The flask was equipped with a reflux cooler, a dropping funnel, and a stirrer, and nitrogen was flowed in an appropriate amount to replace it with a nitrogen atmosphere, and 371 parts by weight of propylene glycol monomethyl ether acetate was added and heated to 85°C while stirring.
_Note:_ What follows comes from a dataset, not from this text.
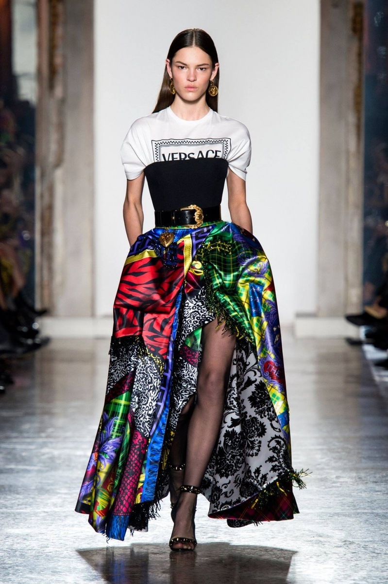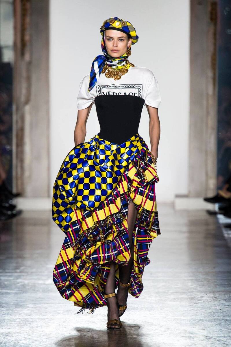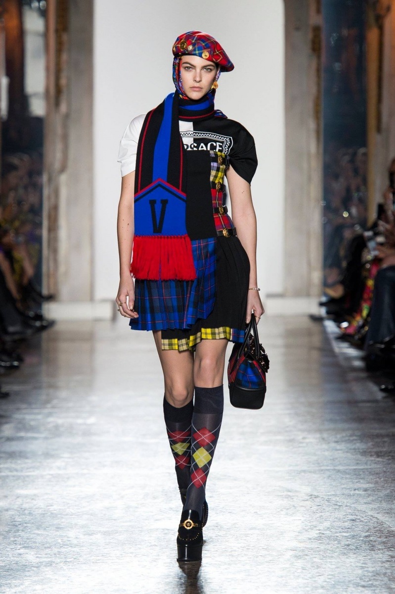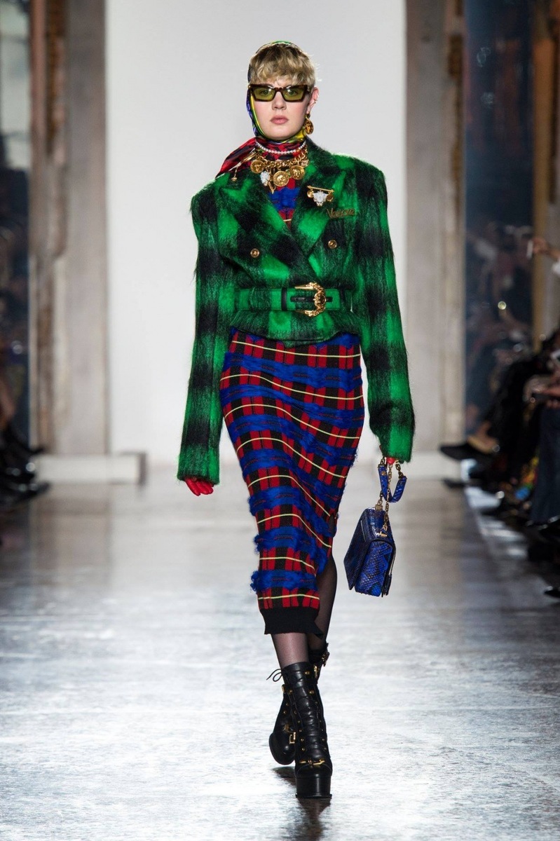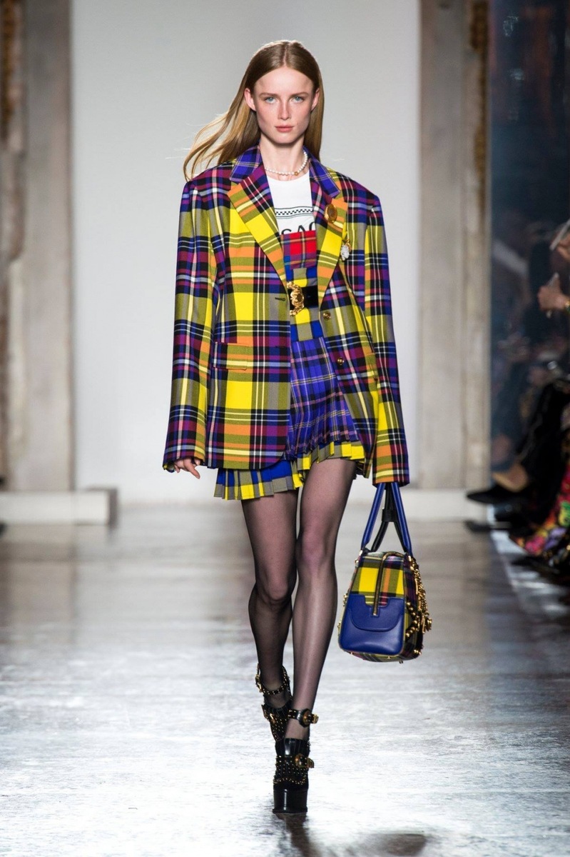 If you want to stand out from the crowd, be chic and stylish, then the Versace luxury collection is for you! The fashionable check in neon colour in combination with purple looks exclusive. Some outfits are reminiscent of the ´naughty schoolgirl´ style that charges us with a strong and vibrant energy and that is precisely why we like it. The high-waisted skirt with a belt or pockets and asymmetric cut, accompanied by knee-high socks or berets are the ideal outfit for the autumn or winter weather. The luxurious patterns with various details, such as a metal trim or tassels, will turn any girl or woman into an amazing diva.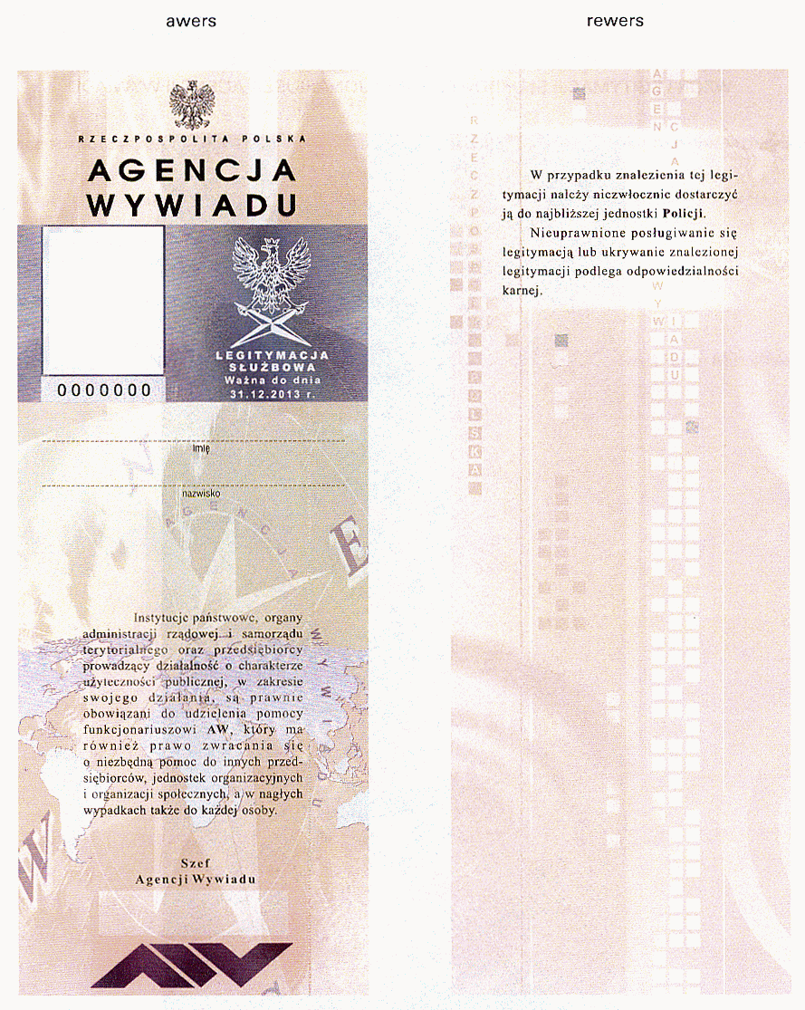 | Tytuł: | Zm.: rozporządzenie w sprawie wzoru legitymacji służbowej i innych dokumentów funkcjonariuszy Agencji Wywiadu. |

Subsequently, 54 parts by weight of acrylic acid, 225 parts by weight of a mixture of 3,4-epoxytricyclo[5.2.1.0 ^2,6 ]decane-8 or/and 9-ylacrylate, 81 parts by weight of vinyltoluene (isomer mixture), propylene A mixed solution of 80 parts by weight of glycol monomethyl ether acetate was added dropwise over 4 hours.

On the other hand, a mixed solution in which 30 parts by weight of 2,2-azobis(2,4-dimethylvaleronitrile) was dissolved in 160 parts by weight of propylene glycol monomethyl ether acetate was added dropwise over 5 hours. After completion of the dropwise addition, the mixture was maintained at the same temperature for 4 hours, and then cooled to room temperature to obtain a copolymer (resin B2) having a B-type viscosity (23°C) of 246 mPas, a solid content of 37.5% by weight, and a solution acid value of 43 mg-KOH/g. . The weight average molecular weight Mw of the resin B2 was 1.1×10 ⁴ and molecular weight distribution 2.01. Resin B2 has the following structural units.

The weight average molecular weight (Mw) and number average molecular weight (Mn) of the resins obtained in Synthesis Examples 7 and 8 were measured under the following conditions using the GPC method.

Device; K2479 (manufactured by Shimadzu Corporation)

column; SHIMADZU Shim-pack GPC-80M

Column temperature; 40℃

menstruum; THF (tetrahydrofuran)

Flow rate; 1.0 mL/min

Detector; RI calibration standards; TSK STANDARD POLYSTYRENE F-40, F-4, F-288, A-2500, A-500 (manufactured by Tosoh Corporation)

The ratio (Mw/Mn) of the weight average molecular weight and number average molecular weight in terms of polystyrene obtained above was referred to as molecular weight distribution.

Preparation Example 1

<Preparation of dispersion (1)>

10 parts of the compound represented by formula (A-I-18), 2 parts of dispersant (BYK (registered trademark)-LPN6919 (manufactured by BYK) Chemie Japan), 4 parts of resin B2 (in terms of solid content) and propylene glycol mono Dispersion liquid (1) was obtained by mixing 84 parts of methyl ether acetate and sufficiently dispersing the compound represented by formula (A-I-18) using a bead mill.

Examples 1-12 and Comparative Example 1

<Preparation of colored curable resin composition>

Each component of Table 3 and Table 4 was mixed to obtain a colored curable resin composition. In Tables 3 and 4, the number of resins represents the value in terms of solid content.

In addition, in Table 3 and Table 4, each component shows the following.

Blue dye (A):

A1; Compound represented by formula (A-I-1)

A2; Compound represented by formula (A-I-2)

A3; Compound represented by formula (A-I-3)

A4; Compound represented by formula (A-I-4)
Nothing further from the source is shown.